Imo, Jim (and I thank you for talking with us), all of your games force the player into coach mode. There is the Scout Recommend in FOF and the Assistants in TCY but from past and recent experience, you are much better off if you do those things yourself. Without playing against human opponents (thus having to depend upon AI opponents) and with careful attention to coaching details, I think one could conclude that it is not much front office in there. Obviously a balance needs to be made but it makes me sad to hear that such games are much better for Stats and Positional Geeks and not doing some of the non-stats functions for GM Geeks.

Buccaneer
08-25-2003, 10:24 PM
dola

Here's the best example I can think of for a baseball game. Just have the function to import a csv database like Lahman or something and to create custom league structures. To me, that would make all of the difference in the world because I just don't like current baseball that much and would prefer to play like it's 1970. If following the FOF model, we would be playing the current season over and over. Just my .01 from a historical simmer.

Ben E Lou
08-25-2003, 10:42 PM
There's some of the first three categories in me:

Stats--First of all, they have GOTTA be realistic within the realm of the modern game. Show me a game with a 3,500-yard rushing season, 100-homer season, etc., and it won't get a second look. Second, season-by-season stats are an absolute must, and I prefer a good team-by-team record book as well.

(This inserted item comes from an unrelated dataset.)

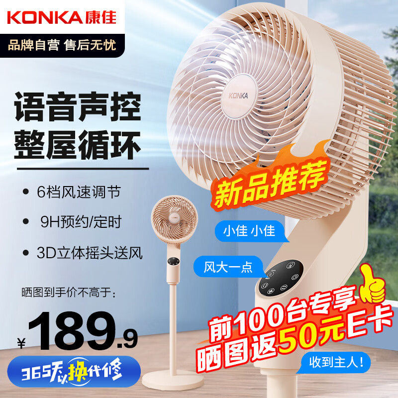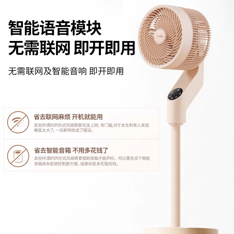 康佳(KONKA)空气循环扇电风扇家用风扇智能语音八字摇头电扇立式大风量落地扇轻音遥控节能换气扇KXHS-1907W-P价格:299.90元!

Show me the numbers.

Positional/Gameplanning--In baseball, good fielders in 2B, SS and CF are a must for me, as is a decent or better arm in RF. In football, I've found that defensively I go after players who fit into my system (M2M cover DB's, run-stopping defensive linemen and MLB, pass-rushing OLB's), but offensively I taylor the system to fit the players. I definitely get more enjoyment in the whole gameplanning/strategy area from football than baseball, since I never coach/manage each individual game. (I want to see stats and results over a long career, and it just takes too long to coach game-by-game.

GM--I'd GREATLY prefer to be heavily GM-oriented, playing multiple seasons in one night. However, no text sim to date has allowed me to do that, because of unacceptable AI handling of certain aspects of my team that I therefore must handle myself:

OOTP5--Mishandles pitching rotation with regards to 5th starter usage, so I have to go in and move starters around manually. Also doesn't set lineups the way I'd want them set, so I have to redo lineups every time there's an injury to a starter.

TCY--Will start a 41/41 5th-year senior over a 35/87 sophomore just about every time. The sophomore would be better within 2-3 games of starting. I have to go in and make lineup changes because of this.

FOF4--Also loves those 41/41 vets over the 35/87 rookies.

GrantDawg
08-25-2003, 11:08 PM
Ok, if I'm the OC, and Skydogs the DC, who is the HC?

revrew
08-26-2003, 12:43 AM
Definitely positional. I love fiddling with formations and situational backups. I want to build a team around a player by putting the right guys in place around him.

Positional. Definitely positional. Which position, of course, is between me and my wife.